Security & Compliance Considerations

  • Rotating the secret is mandatory — history removal alone is insufficient
  • Assume the secret was exposed from the moment it was committed
  • Check if the secret was pushed to any public repositories or forks
  • Document the incident for compliance records
  • See Git Secrets Management for prevention

Common Pitfalls / Anti-Patterns

  • Not rotating the secret first — it may already be compromised
  • Using git filter-branch — it’s deprecated and slow
  • Not forcing collaborators to re-clone — old clones can reintroduce secrets
  • Skipping verification — always confirm the secret is truly gone
  • Not adding pre-commit hooks — prevent recurrence

Quick Recap Checklist

  • Rotate the compromised secret immediately
  • Use git filter-repo or BFG (not filter-branch)
  • Verify removal with full history scan
  • Force push with --force-with-lease
  • Notify all collaborators to re-clone
  • Install pre-commit hooks to prevent recurrence
  • Document the incident

History Rewrite Process (Clean Architecture)


graph TD
    OLD["Original History"] -->|filter-repo| CLEAN["Cleaned History"]
    OLD -->|BFG| CLEAN
    OLD -->|filter-branch| CLEAN_SLOW["Cleaned (slow)"]

    CLEAN -->|force push| REMOTE["Remote Updated"]
    CLEAN_SLOW -->|force push| REMOTE

    REMOTE -->|notify| TEAM["Team Re-clones"]

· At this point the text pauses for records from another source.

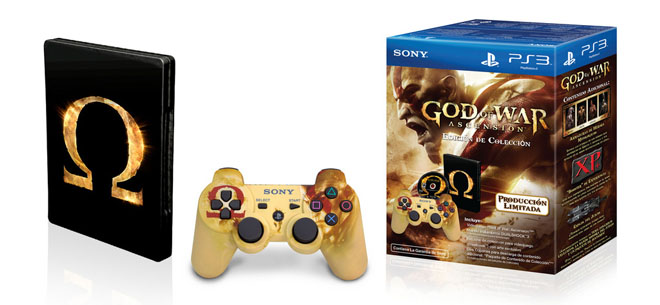 "Tenemos varias ediciones especiales que van a salir en Latinoamérica. La primera es una PlayStation 3 de 250GB de memoria, color blanca y nada mas estará disponible en Latinoamérica, y este paquete contiene los 4 discos con todos los juegos de God of War: God of War Ascension, God of War 3, God of War Collection (1 y 2) y God of War Origins Collection (Chains of Olympus y Ghost of Sparta).
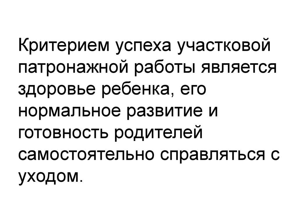 Критерием успеха участковойпатронажной работы является
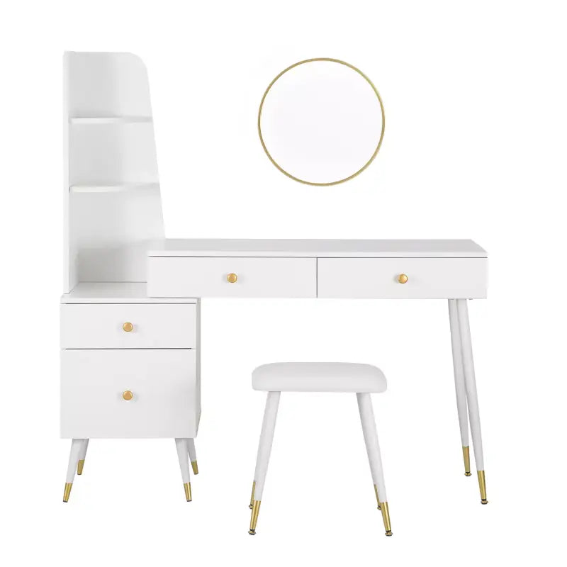 BukkitBow - Luxe Kaptafel met Kruk en Ronde Spiegel en Opbergkast - Gouden Poten
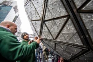 纽约时报广场降水晶球、倒计时迎新年的传统已有110多年历史。自1907年以来,除1942年和1943年,每年都会随着新年倒计时60秒从名为“时报广场一座”的大楼楼顶徐徐降下水晶球。水晶球上装有32256个LED灯,能变幻出璀璨夺目的图案,每年的图案都有一个主题。
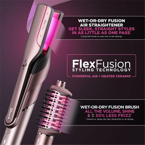• Wet-or-Dry Fusion Hair Straightener: POWERFUL AIR + HEAT-CONTROLLED CERAMIC This straightening attachment dries and straightens at the same time with no heat damage*. Get sleek, straight styles in as little as one pass**. Perfect for wet or dry hair.
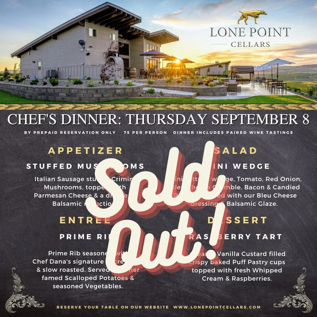 Chef Dana's famed Prime Rib Dinner! A four course feast, including appetizer, salad, entree, and dessert. Each course is paired perfectly with one of our delicious wines. Dinner starts promptly at 6:00 pm and finishes around 8:00 pm. The full menu will be available online the Sunday before dinner. Come enjoy a wonderful evening with us!
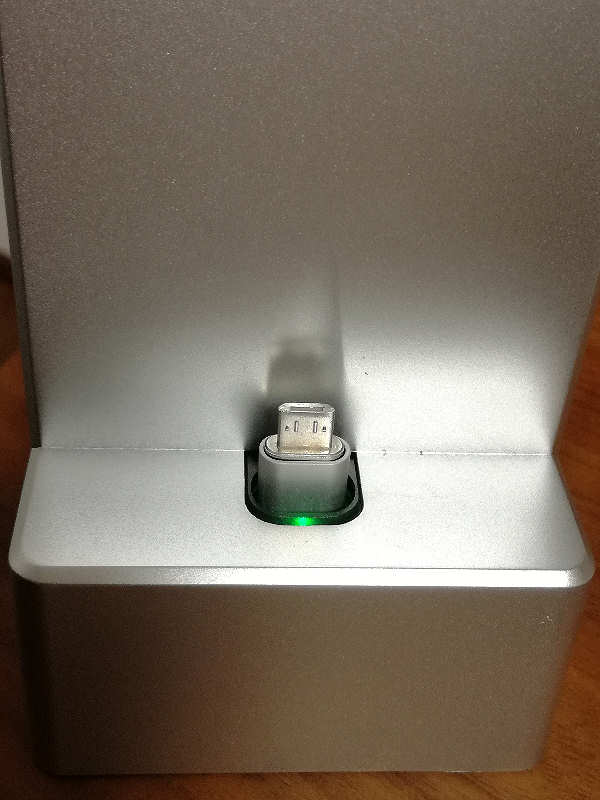 充電スタンドの使い心地は?というと、若干スマホをスタンドに乗せるときに位置を気にする必要があるが(ベッドに寝てしばらくスマホをいじって、さて寝ようか! となってから寝たままで枕元のテーブルに手を伸ばして、半ば手探りのようにしてスタンドに乗せるので端子位置は見えていない)カチンと吸着してくれるので使い勝手は悪くない。
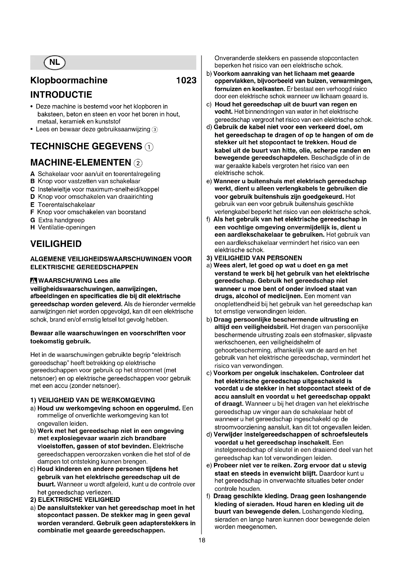 - Lees en bewaar deze gebruiksaanwijzing 3 TECHNISCHE GEGEVENS 1 MACHINE-ELEMENTEN 2 A Schakelaar voor aan/uit en toerentalregeling B Knop voor vastzetten van schakelaar C Instelwieltje voor maximum-snelheid/koppel D Knop voor omschakelen van draairichting E Toerentalschakelaar F Knop voor omschakelen van boorstand G Extra handgreep H Ventilatie-openingen VEILIGHEID
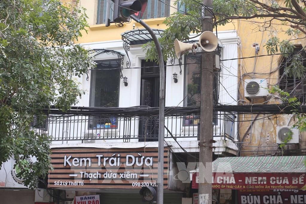 Một cụm loa trên phố Đinh Liệt, phường Hàng Bạc hàng ngày đưa thông tin về phòng, chống dịch COVID-19 lan tỏa đến từng ngõ xóm, len lỏi tới mỗi gia đình. Ảnh: Anh Tuấn – TTXVN
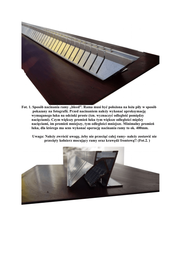 Fot. 1. Sposób nacinania ramy „bleed”. Rama musi być położona na łożu piły w sposób pokazany na fotografii. Przed nacinaniem należy wykonać aproksymację wymaganego łuku na odcinki proste (tzn. wyznaczyć odległość pomiędzy nacięciami). Czym większy promień łuku tym większe odległości między nacięciami, im promień mniejszy, tym odległości mniejsze. Minimalny promień łuku, dla którego ma sens wykonać operację nacinania ramy to ok. 400mm. Uwaga: Należy zwrócić uwagę, żeby nie przeciąć całej ramy- należy zostawić nie przecięty kołnierz mocujący ramy oraz krawędź frontową!! (Fot.2. ) Fot.3. Przed kształtowaniem ramy do wymaganego kształtu należy wyciąć szablon (ze sklejki ok. 4mm lub PVC). Szablon może się składać z kilku połączonych ze sobą części. Na wyciętym szablonie formuje się wcześniej ponacinaną ramę napinającą. Żeby rama zachowała swój kształt po uformowaniu, należy wsunąć w prowadnice ramy płaskownik 15x2mm i przyspawać go punktowo do ramy ( Fot.5. ) w taki sposób, żeby rama się nie odkształcała. Na Fot.6. jest widoczna rama od wnętrza kasetonu, już po zespawaniu. Fot. 7. Widok po napięciu tkaniny winylowej (należy mieć na uwadze, że im mniejszy promień łuku, tym więcej klipów wchodzi do ramy). Klipy należy ciąć na wymiar nie większy niż długość prostego odcinka ramy. Uwagi: Ramę napinającą należy formować jako pierwszy element kasetonu! Dopiero po pospawaniu ramy można formować tył kasetonu ! Napinanie tkaniny winylowej jest ostatnim etapem!
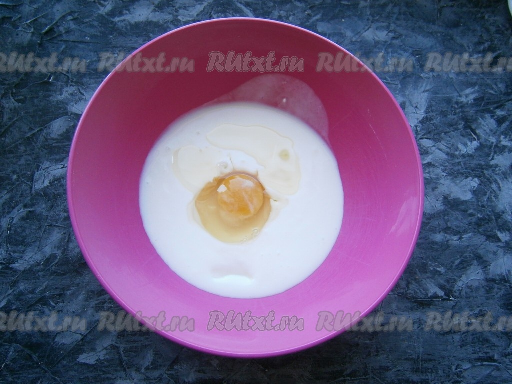 В кефир комнатной температуры вбить сырое яйцо, влить 1 столовую ложку растительного масла и всыпать соль.
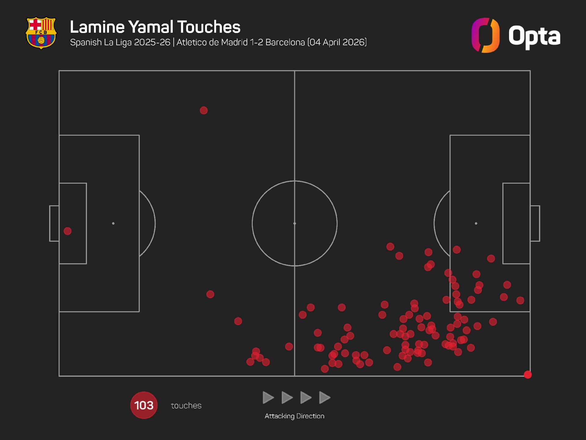 Yamal had more touches (103), shots (seven) and touches inside the area (14) of any player on the pitch, also creating a game-high five chances for his team-mates.
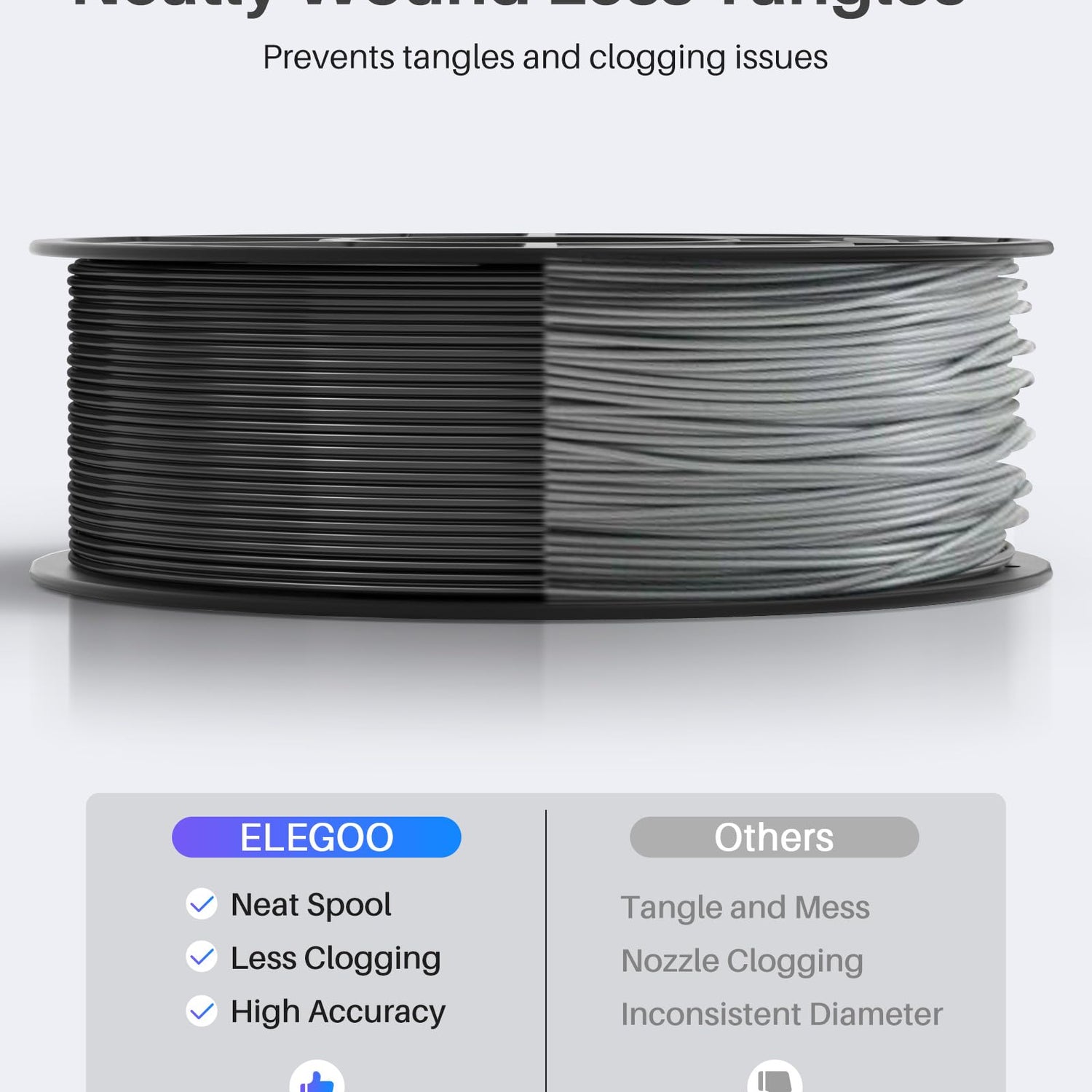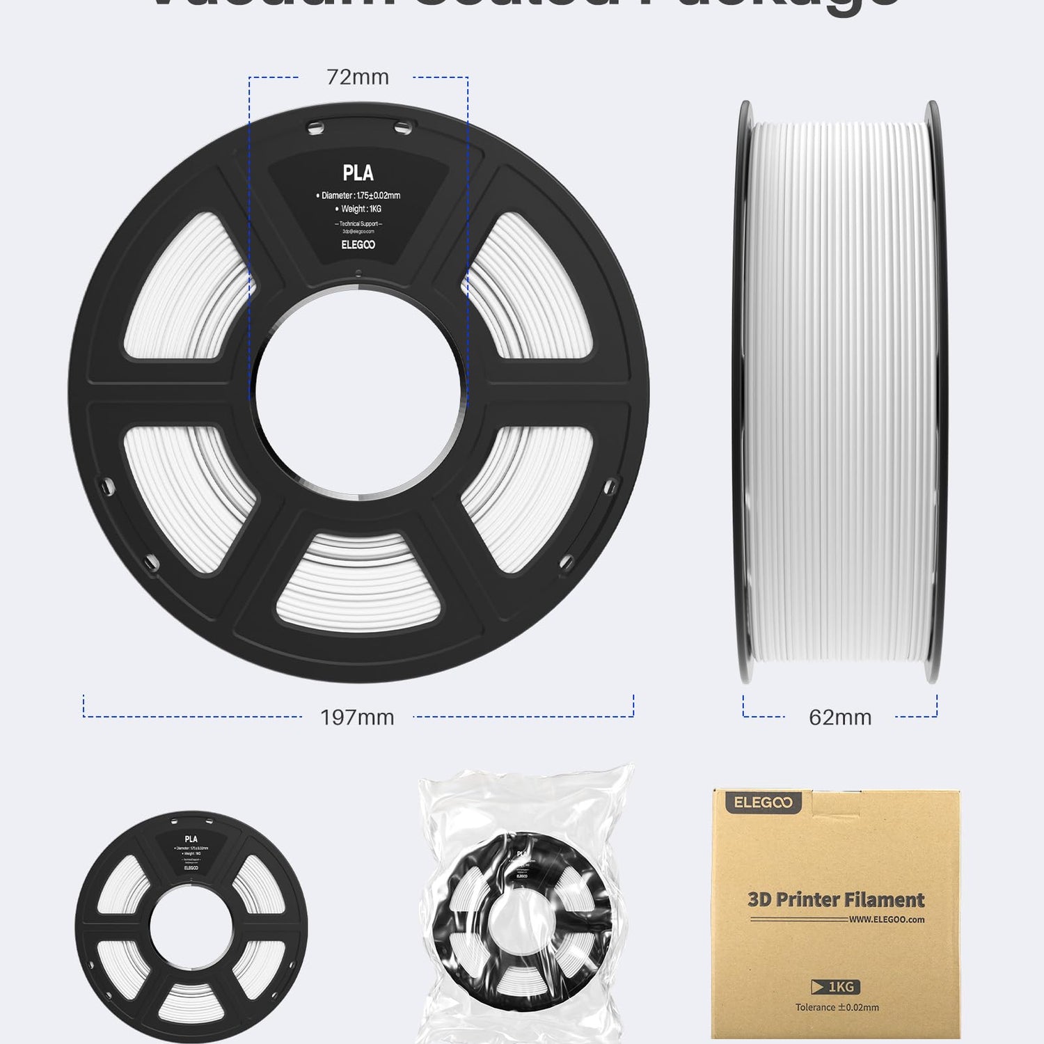 - NO CLOGGING & NO BUBBLE: ELEGOO PLA Filament is complete dried before packaging and vacuum sealed well to protect the filament from moisture, no clogging and bubbling problems
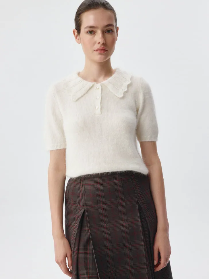 Откройте для себя идеальное сочетание комфорта и элегантности с нашим вязаным поло из смесовой шерсти. Это изделие, выполненное в нежном молочном оттенке, станет незаменимой частью вашего гардероба. Особое очарование ему придает изысканный ажурный воротник, который добавляет нотку ретро-шарма и утонченности. Мягкая и приятная к телу смесовая шерсть гарантирует тепло и уют в прохладное время года, делая его идеальным выбором для осени и зимы.
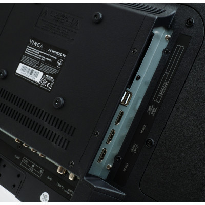 Vinga S24HD25B має глянсовий чорний корпус, що ідеально впишеться у приміщення з будь-яким дизайном. Крім того, вага телевізора без підставки – лише 2,1 кг. Ви без проблем зможете поставити його на тумбу або повісити на стіну, скориставшись кріпленням VESA.

    OLD -.->|still exists in| CLONES["Cached Clones\nstill have secrets"]
    CLONES -.->|must be| DELETED["Deleted or Re-cloned"]

Production Failure: Incomplete Cleanup

Scenario: Cached clones still containing secrets


# What happened:
# 1. History rewritten and force-pushed
# 2. Team member pulls instead of re-cloning
# 3. Old objects still in their local .git/objects/
# 4. They push — secret reappears in remote!

# Symptoms
$ git push
# Team member's old clone pushes old commits back
$ gitleaks detect --log-opts="--all"
# Secret found again!

# Root cause: Not all clones were cleaned; old objects persist

# Recovery steps:

# 1. Identify the source of re-contamination
git log --all --oneline --source | grep -C2 "secret"
# Find which branch/clone reintroduced the secret

# 2. Force push again with clean history
git push origin --force-with-lease

# 3. Enforce re-clone on ALL machines:
#    - Developer laptops
#    - CI/CD runners (clear workspace cache)
#    - Staging servers
#    - Backup systems

# 4. Verify no cached clones exist:
#    Check CI/CD workspace directories
#    Check developer machines (ask team)
#    Check any automated systems that clone the repo

# 5. Prevent re-contamination:
#    Add branch protection rules
#    Enable server-side secret scanning
#    Set up pre-receive hook to reject secret-containing pushes

# === CI/CD Cache Cleanup ===
# GitHub Actions
# Add to workflow:
# - name: Clean workspace
#   run: |
#     rm -rf $GITHUB_WORKSPACE
#     git clone ${{ github.server_url }}/${{ github.repository }} .

# Jenkins
# Use "Wipe out repository & force clone" in pipeline

# GitLab CI
# variables:
#   GIT_STRATEGY: clone  # Not "fetch"

Trade-offs: BFG vs Git Filter-repo

AspectBFG Repo-CleanerGit Filter-repo
SpeedFastest (Java, optimized)Fast (Python, C bindings)
SafetyHigh (focused use cases)Highest (built-in safety checks)
Ease of useEasy (simple commands)Moderate (more options)
MaintenanceUnmaintained since 2020Actively maintained
InstallationJava requiredPython required
Text replacement--replace-text (file-based)--replace-text (flexible)
File removal--delete-files--path --invert-paths
Size filtering--strip-blobs-bigger-than--strip-blobs-bigger-than
Official recommendationNoYes (Git community)
Best forVery large repos (>1GB)General use, most scenarios

Recommendation: Use git filter-repo for most cases. Use BFG only for very large repositories where filter-repo is too slow.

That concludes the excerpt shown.